The thalamus is one of the major regions expressing Ca_v3.1 T-type calcium channels (Talley et al., 1999) and holds a central role in information transmission and integration (Schiff et al., 2014). In vitro and in vivo studies using genetically modified mice have revealed that Ca_v3.1 T-type channels play a key role in the genesis of thalamocortical rhythms, such as 3 Hz spike-and-wave discharges, a signature of absence seizures (Kim et al., 2001; Song et al., 2004) and delta waves (Royer et al., 2012; Lee et al., 2013; McCormick and Pape, 1990). Previous investigations on thalamic control of consciousness revealed that nuclei within the dorsal medial thalamus (dMT) hold an important modulatory function in the interaction of attention and arousal (Schiff, 2008; Saalmann, 2014). Particularly, the centromedian (CM) thalamic nucleus, and not the ventrobasal nucleus (VB), showed rapid shifts in local field potential (LFP) preceding brain state transitions such as non-rapid eye movement (NREM) and propofol-induced anesthesia (Baker et al., 2014). The paraventricular thalamic nucleus (PVN) showed critical involvement in wake/sleep cycle regulation (He et al., 2015). The centrolateral (CL) thalamic nucleus has been implicated in the modulation of arousal, behavior arrest (Giber et al., 2015), and improvement of level of consciousness during seizures (Gummadavelli et al., 2015). Notably, the direct electrical stimulation of the intralaminar nuclei (ILN) and, in particular, CL, promoted hallmarks of arousal and awakening in primates under propofol and ketamine propofol anesthesia. The MD, a subnucleus of dMT, on the other hand, has only recently been implicated in disorders of consciousness (He et al., 2015) and ketamine/ethanol-induced loss of consciousness (Choi et al., 2015) through the alteration of thalamocortical functional connectivity. In anesthetized primates, the stimulation of ILN and MD increased arousal and wakefulness score (Bastos et al., 2021). However, several key questions remain to be answered: (1) Is there a specific role for MD Ca_v3.1 T-type calcium channels in the control of ethanol-induced loss of consciousness? (2) Does Ca_v3.1 T-type calcium channel-driven neuronal firing pattern have any role in the control of consciousness?

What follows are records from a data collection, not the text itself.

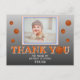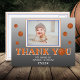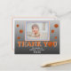 Cute Basketball Balls Chalkboard Photo Thank you Postcard. Cute basketball theme birthday thank you card for kids with a photo on a dark grey gradient chalkboard background. Add your photo, name and text.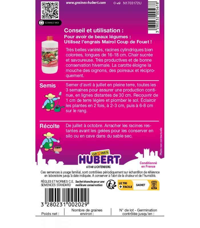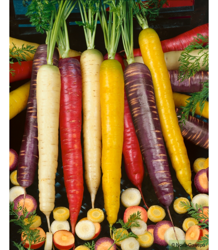 Mélange original et coloré de 4 très belles variétés hybrides de carottes à racines cylindriques bien colorées et à chair sucrée et savoureuse, elles sont productives et de bonne conservation hivernale.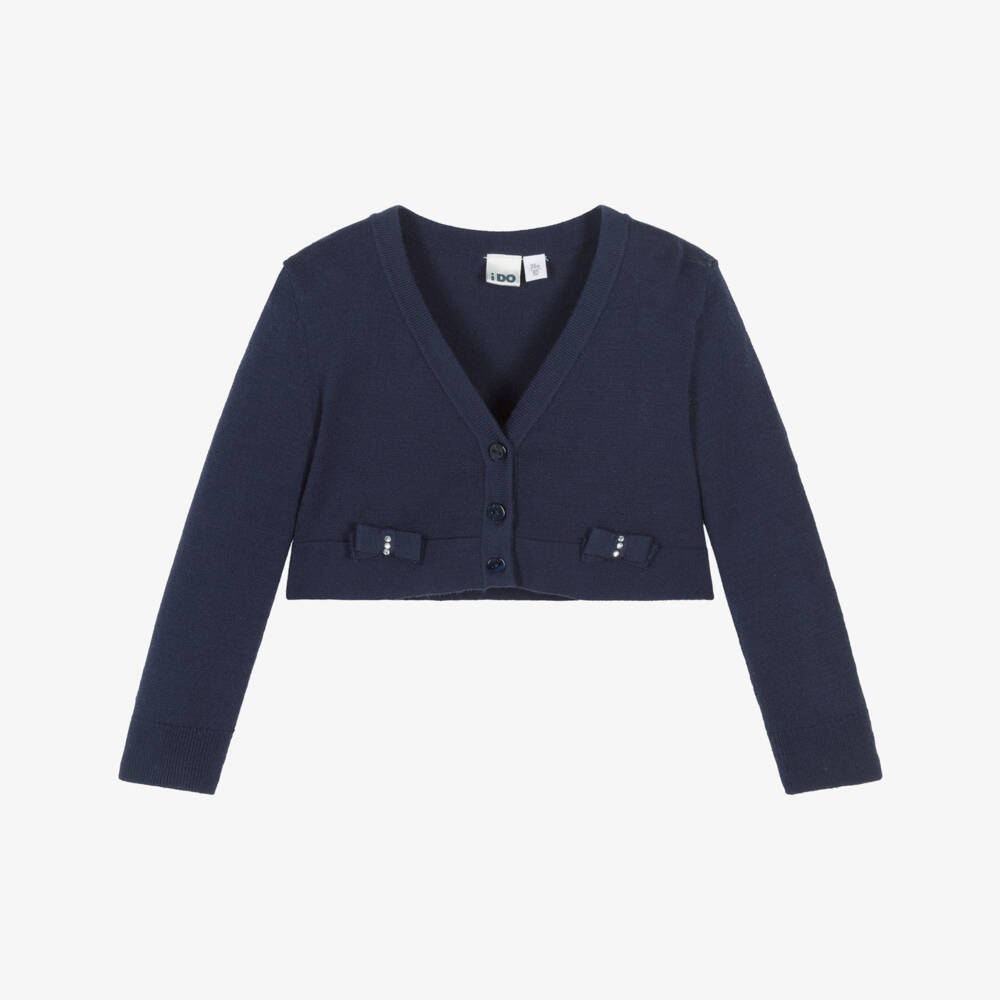 Navy blue cardigan for girls by iDO Baby, made in a beautifully soft viscose blend. Lovely for layering, it has a smart V-neckline and button fastenings. There are decorative bows on the front, trimmed with diamantés for added sparkle.

In this study, we identified that knockout (KO) and MD-specific silencing of Ca_v3.1 T-type calcium channels results in increased ethanol resistance in mice. Using single-unit recordings, we compared MD activity of wild-type (WT) and KO mice while the mice transitioned from conscious to unconscious state and found that the KO mice showed more sustained MD activity, whereas the WT mice showed clearly reduced MD activity. Furthermore, and consistently with their resistant phenotype, KO mice showed sustained MD firing, well within the wakefulness level, under ethanol consumption. Finally, we demonstrate that both the optogenetic and electrical stimulations in MD, mimicking the sustained firing pattern of KO mice, were sufficient to induce the increased ethanol resistance in WT mice. These results reveal a causal control of brain state by MD during ethanol-induced unconsciousness and with an underlying neural mechanism governed by Ca_v3.1 T-type calcium channels.

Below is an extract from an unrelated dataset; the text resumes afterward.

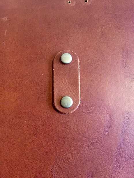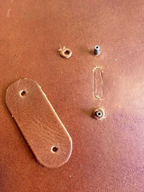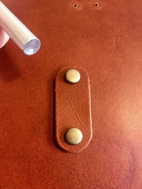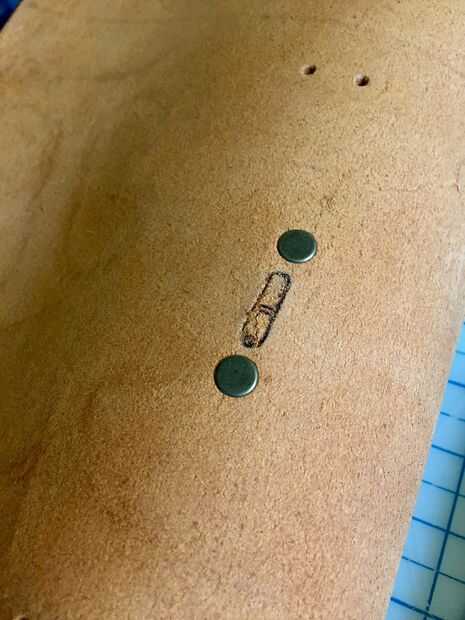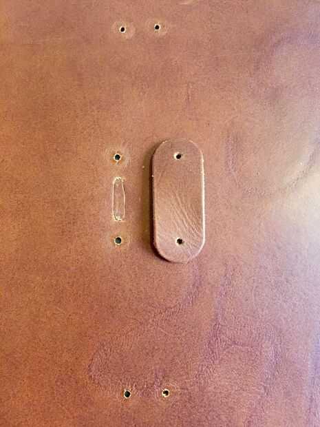 Para el cierre, primero tuve una idea diferente que por eso había hecho a este óvalo del agujero vea, pero que no funciona tan bien, así que tuve que cambiar a otra cosa. Es mucho más fácil y más bonito que lo que primero tenía en mente. Básicamente es sólo una pieza ovalada más grande de cuero que se sienta firmemente a la superficie y por lo tanto mantiene la solapa de cierre hacia abajo y cierre. Usted obtendrá una mejor idea viendo las fotos.

To understand the role of T-type Ca²⁺ channels in modulating the consciousness level, we compared the ethanol resistance between WT and Ca_v3.1 KO (Cacna1g−/−) littermates. We used the forced walking task (FWT; Figure 1A), an analog to the LORR assay, which enables a continuous and high-temporal resolution assessment of the loss of movement (Hwang et al., 2010) (LOM). Moreover, the FWT objectively measures the latency to and duration of the first LOM, but also the total time spent in LOM using automatized analysis of video confirmed by electromyograms (EMGs) or accelerometer recordings (Figure 1B and Figure 1—figure supplement 1; see Methods). The continuously running treadmill (6 cm/s) ensures a normalized behavior within and between animals before injection (i.e. baseline forced walking) and allows for reduced intervention from experimenters for the monitoring of both electrophysiological (Figure 1—figure supplement 1, upper panel) and analyzed behavioral (Figure 1—figure supplement 1, lower panel).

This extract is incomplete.